С несчастным видом она обвела взглядом салон-кафе, где сидело несколько членов американской группы, явно недовольно переговариваясь между собой. Шесть часов. Морс перенёс время их отъезда на шесть вечера при условии, что до этого времени не произойдёт ничего экстраординарного.
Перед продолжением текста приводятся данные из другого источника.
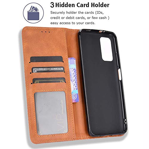 Dedux Portafoglio Custodia Cover Compatibile con Xiaomi Redmi 9T, Cover per Biglietti da Visita in Pelle Retro con Chiusura Magnetica Premium Pu Flip, Marrone

Она снова пошла в салон «Ланкастер», там всё ещё сидел и деловито исписывал листки с фирменным гостиничным символом Фил Олдрич. В тот момент, когда Шейла вошла в салон, он с присущей ему терпеливостью смотрел на Джанет и кивал ей, а она громогласно излагала ему свои соображения о том, что последняя задержка тура не может быть ничем оправдана. И вдруг Шейла увидела, как резко переменилось настроение Фила. Не заботясь о том, слышат ли его другие, он попросил Джанет оставить его в покое хоть ненадолго, потому что в данное время он занят серьёзным делом и ему важнее сделать его, а не выслушивать её жалобы и брюзжание.
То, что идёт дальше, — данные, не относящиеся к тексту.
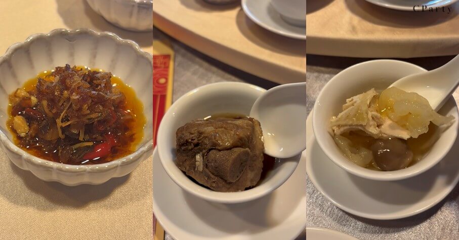 在現代的飲食取向上,學生團隊也下足功夫:像是「黑蒜佛跳牆」利用黑蒜自然的甘醇,讓湯品不過份厚重,風味圓潤又富層次;「藥膳排骨鍋」不使用現成藥膳包,而是由學生親自秤量中藥材比例,調配出清爽甘美的湯頭。「金華花膠雞湯」則不添加鮮味劑、骨粉,純靠細火慢熬 8 小時,帶出自然的濃醇甜味。而「芋泥紫米糕」則因應健康趨勢,採減糖配方比例,讓長輩與孩童在年節享用美點時更無負擔。

И кто только мог подумать?
Шейла слышала почти всё, а если принять во внимание громогласность Джанет, то наверняка слышали и другие. Тихий маленький человечек из Калифорнии уничтожающе отчитал её, и, глядя на обиженное лицо неистовой в своём праведном гневе маленькой женщины из того же штата (и не из одной ли религиозной общины?), Шейла почти посочувствовала миссис Джанет Роско.
Почти.
Льюис тоже наблюдал за тем, как Олдрич пишет свои показания, но в голове у него вертелось совсем другое, он удивлялся тому, что можно так быстро писать. Вот это да! В показаниях, которые Фил передал сержанту, он всего три раза что-то вычеркнул.
Глава тридцать четвёртая
Бернардин
Ты совершил…
Варавва
Прелюбодейство?
Но в другой стране.
К тому же девушка мертва.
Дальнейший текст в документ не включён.